The Emily Lewis I am searching for is the youngest daughter of John Lewis who died in McNairy County, Tennessee, in March 1842, and the only surviving child of his second wife Jane. Emily was born in Tennessee in about 1837/1838. By 1850, her widowed mother had married Holliday McGuire, and they were still living in McNairy County, Tennessee. By 1860, Emily was no longer in the McGuire household. I had not been able to determine if she died young or married.
At first blush, Emily (Lewis) Hanks did not seem a likely candidate for the Emily Lewis I have been seeking for several years. She and her husband, Franklin B. Hanks, had gone to Jackson County, Illinois before 1870. That seemed far removed from the other Lewis children, who had either moved almost in mass to Texas or remained in Tennessee and Alabama. Fortunately, I decided to really look at everything I could find connected to Emily (Lewis) Hanks. Finally, I googled up a reference to her husband Franklin B. Hanks in the History of Jackson County, Illinois by Robert Allyn, published in 1878, and available in the Internet Archive. At the time the book was published, both Franklin B. Hanks and his wife Emily were still living and can be presumed to be the source of the information provided in Franklin B. Hanks' biography.
The biography reveals that Franklin B. Hanks was born in Maury County, Tennessee in 1834. His parents, Thomas and Nancy Hanks, moved the family to McNairy County, Tennessee, in 1849. The sentence that cinched the connection between the two Emilys was this one: "In June, 1854, he married Miss Emily Lewis, the youngest daughter of John Lewis, one of the old and prominent inhabitants of McNary [sic] County." Of course, it would have been so nice if the biography included the location of their marriage and the name of her mother, but the information provided is golden.
The biography goes on to say that Emily and Franklin Hooks moved to Illinois in 1863 because Franklin was not a Confederate sympathizer. They first settled in Washington County, Illinois, but within a few months moved to DeSoto in Jackson County, Illinois. In 1873, F.B. Hanks was elected sheriff of Jackson County.
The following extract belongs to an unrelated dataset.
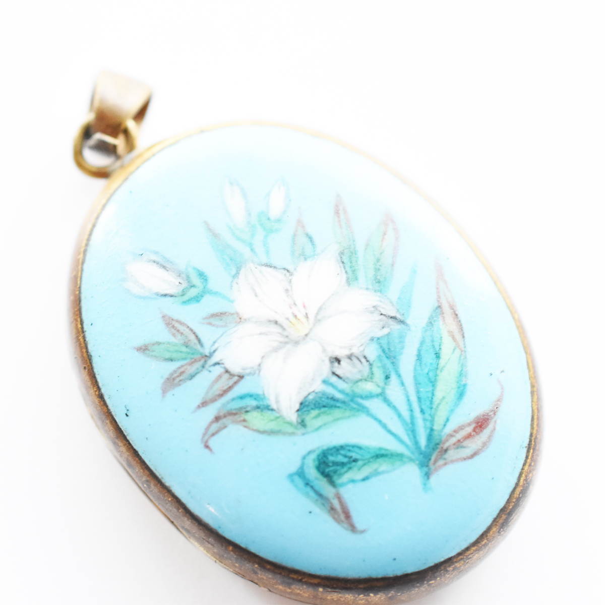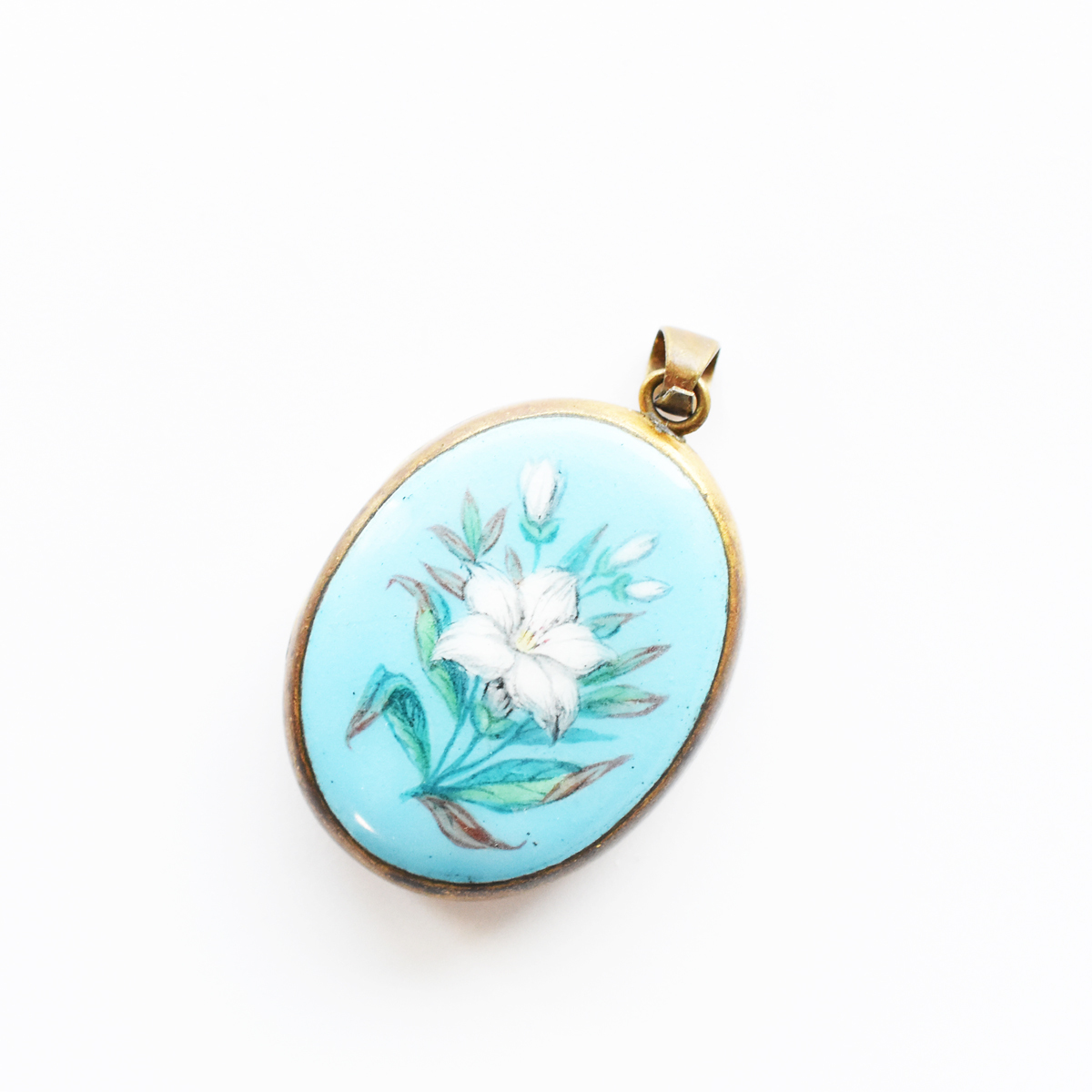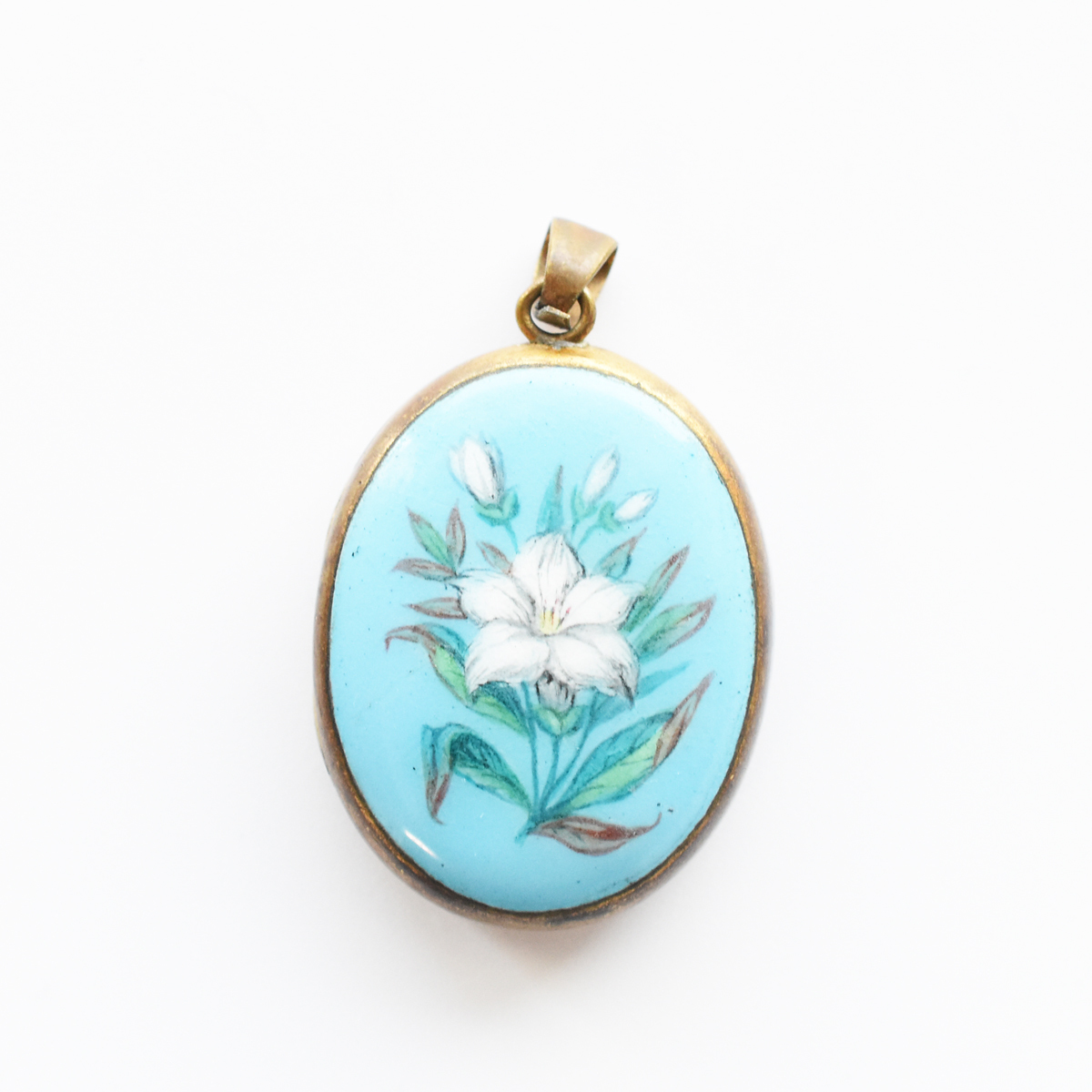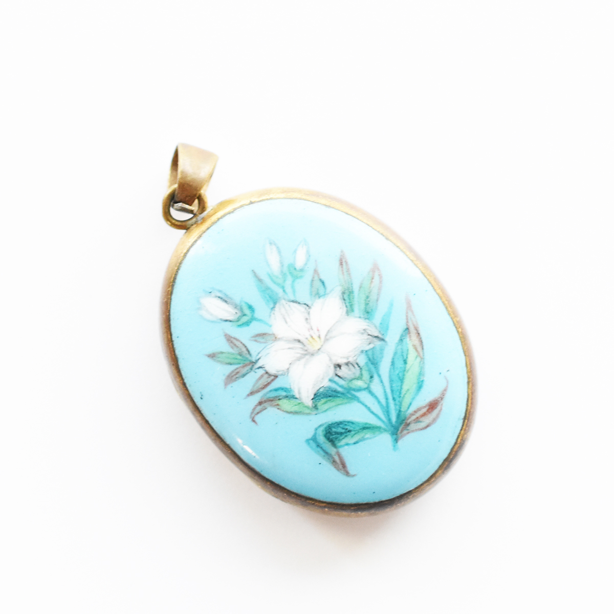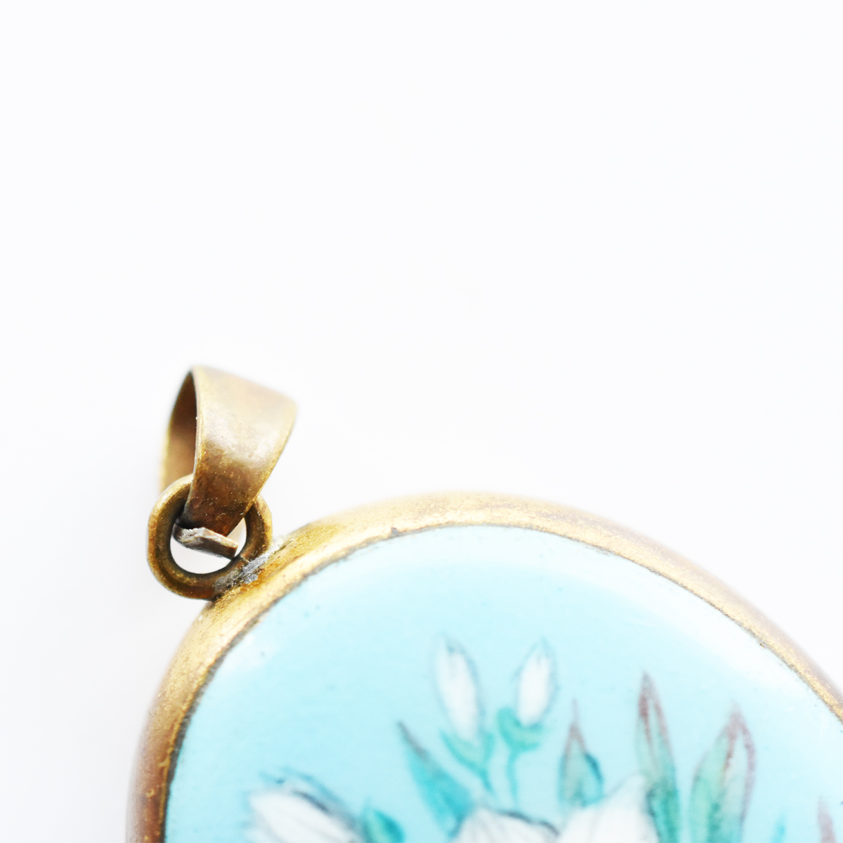 エナメル素材に手描きと思われる可憐な白い花が描かれたアンティークペンダントトップ。

Emily Lewis and Franklin B. Hanks had a total of eleven children, four of whom were deceased by the book's publication in 1878.
The 1860, 1870, and 1880 censuses reveal their children to be the following:
- John Hanks b.c. 1854
- James Hanks b.c. 1856
- William R. Hanks b.c. 1859
- Sarah Hanks b.s. 1862
- Charles F. Hanks b.c. 1864
- Nancy A. Hanks b.c. 1866
- George Hanks b.c. 1869
- Laura L Hanks b.c. 1875
One interesting tidbit in the biography is that Emily was a Methodist.
There seems to be some disagreement over whether Emily died in 1883 (per the family tree on Family Search) or 1895 (per her Findagrave memorial with no photograph of her tombstone). The Findagrave memorials for both Emily (Lewis) and Franklin B. Hanks state that their places of burial are unknown. I'm wondering if their death dates are actually unknown as well.
Franklin's father Thomas Hanks lived in Christian County, Missouri, where he was a minister. Emily (Lewis) Hanks' place of death is given as Christian County, Missouri on Family Search, but as Stoddard County, Missouri on Findagrave. So far, I'm finding no newspaper references to their deaths. Additionally, I have found no documentation that Emily and Franklin Hanks moved closer to his father in Missouri after 1880.